:: Source data ::
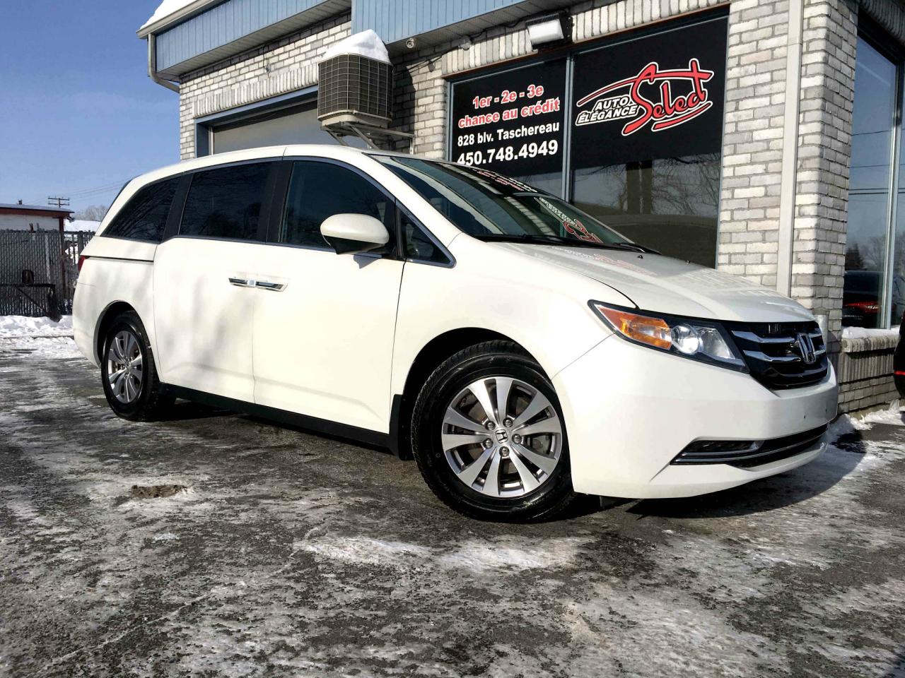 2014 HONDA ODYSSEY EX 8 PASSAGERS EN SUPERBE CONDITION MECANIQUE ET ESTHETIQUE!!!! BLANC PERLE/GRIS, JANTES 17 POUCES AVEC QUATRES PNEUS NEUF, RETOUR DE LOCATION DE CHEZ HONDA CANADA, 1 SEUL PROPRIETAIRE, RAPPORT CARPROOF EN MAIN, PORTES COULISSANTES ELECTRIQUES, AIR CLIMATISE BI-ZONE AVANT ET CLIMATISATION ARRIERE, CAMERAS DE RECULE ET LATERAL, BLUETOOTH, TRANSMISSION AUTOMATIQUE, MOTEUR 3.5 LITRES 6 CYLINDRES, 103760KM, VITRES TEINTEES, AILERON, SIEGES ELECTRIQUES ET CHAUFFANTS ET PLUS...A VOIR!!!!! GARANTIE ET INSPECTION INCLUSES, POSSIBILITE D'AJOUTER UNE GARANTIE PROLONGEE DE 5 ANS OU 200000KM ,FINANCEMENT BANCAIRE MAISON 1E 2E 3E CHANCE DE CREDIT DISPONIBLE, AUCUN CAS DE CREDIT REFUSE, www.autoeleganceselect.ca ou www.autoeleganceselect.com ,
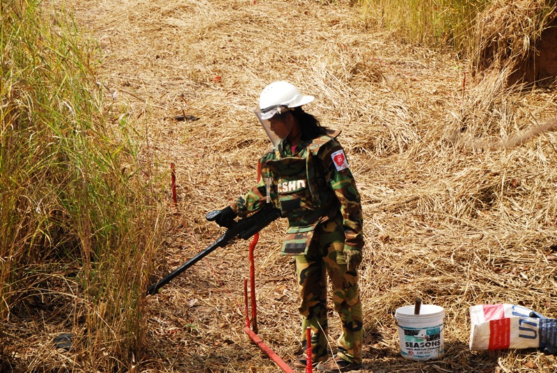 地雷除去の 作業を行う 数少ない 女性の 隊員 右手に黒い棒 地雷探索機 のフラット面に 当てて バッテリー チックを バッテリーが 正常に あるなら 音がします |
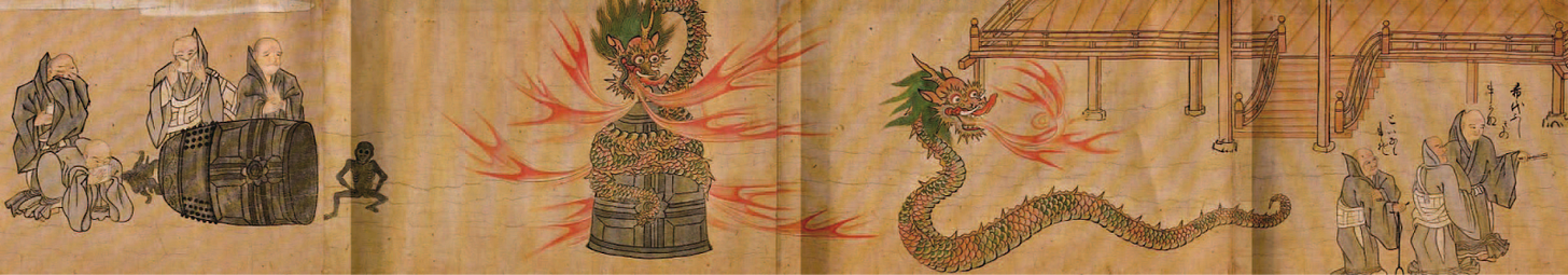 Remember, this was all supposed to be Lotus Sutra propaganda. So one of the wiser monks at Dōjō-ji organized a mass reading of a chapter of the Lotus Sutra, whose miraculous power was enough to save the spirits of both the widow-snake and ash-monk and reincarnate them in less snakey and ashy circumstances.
:::
-- The task --
Would you please set down the data above again exactly, without its pictures?

-- Answer below --
 2014 HONDA ODYSSEY EX 8 PASSAGERS EN SUPERBE CONDITION MECANIQUE ET ESTHETIQUE!!!! BLANC PERLE/GRIS, JANTES 17 POUCES AVEC QUATRES PNEUS NEUF, RETOUR DE LOCATION DE CHEZ HONDA CANADA, 1 SEUL PROPRIETAIRE, RAPPORT CARPROOF EN MAIN, PORTES COULISSANTES ELECTRIQUES, AIR CLIMATISE BI-ZONE AVANT ET CLIMATISATION ARRIERE, CAMERAS DE RECULE ET LATERAL, BLUETOOTH, TRANSMISSION AUTOMATIQUE, MOTEUR 3.5 LITRES 6 CYLINDRES, 103760KM, VITRES TEINTEES, AILERON, SIEGES ELECTRIQUES ET CHAUFFANTS ET PLUS...A VOIR!!!!! GARANTIE ET INSPECTION INCLUSES, POSSIBILITE D'AJOUTER UNE GARANTIE PROLONGEE DE 5 ANS OU 200000KM ,FINANCEMENT BANCAIRE MAISON 1E 2E 3E CHANCE DE CREDIT DISPONIBLE, AUCUN CAS DE CREDIT REFUSE, www.autoeleganceselect.ca ou www.autoeleganceselect.com ,
 地雷除去の 作業を行う 数少ない 女性の 隊員 右手に黒い棒 地雷探索機 のフラット面に 当てて バッテリー チックを バッテリーが 正常に あるなら 音がします |
 Remember, this was all supposed to be Lotus Sutra propaganda. So one of the wiser monks at Dōjō-ji organized a mass reading of a chapter of the Lotus Sutra, whose miraculous power was enough to save the spirits of both the widow-snake and ash-monk and reincarnate them in less snakey and ashy circumstances.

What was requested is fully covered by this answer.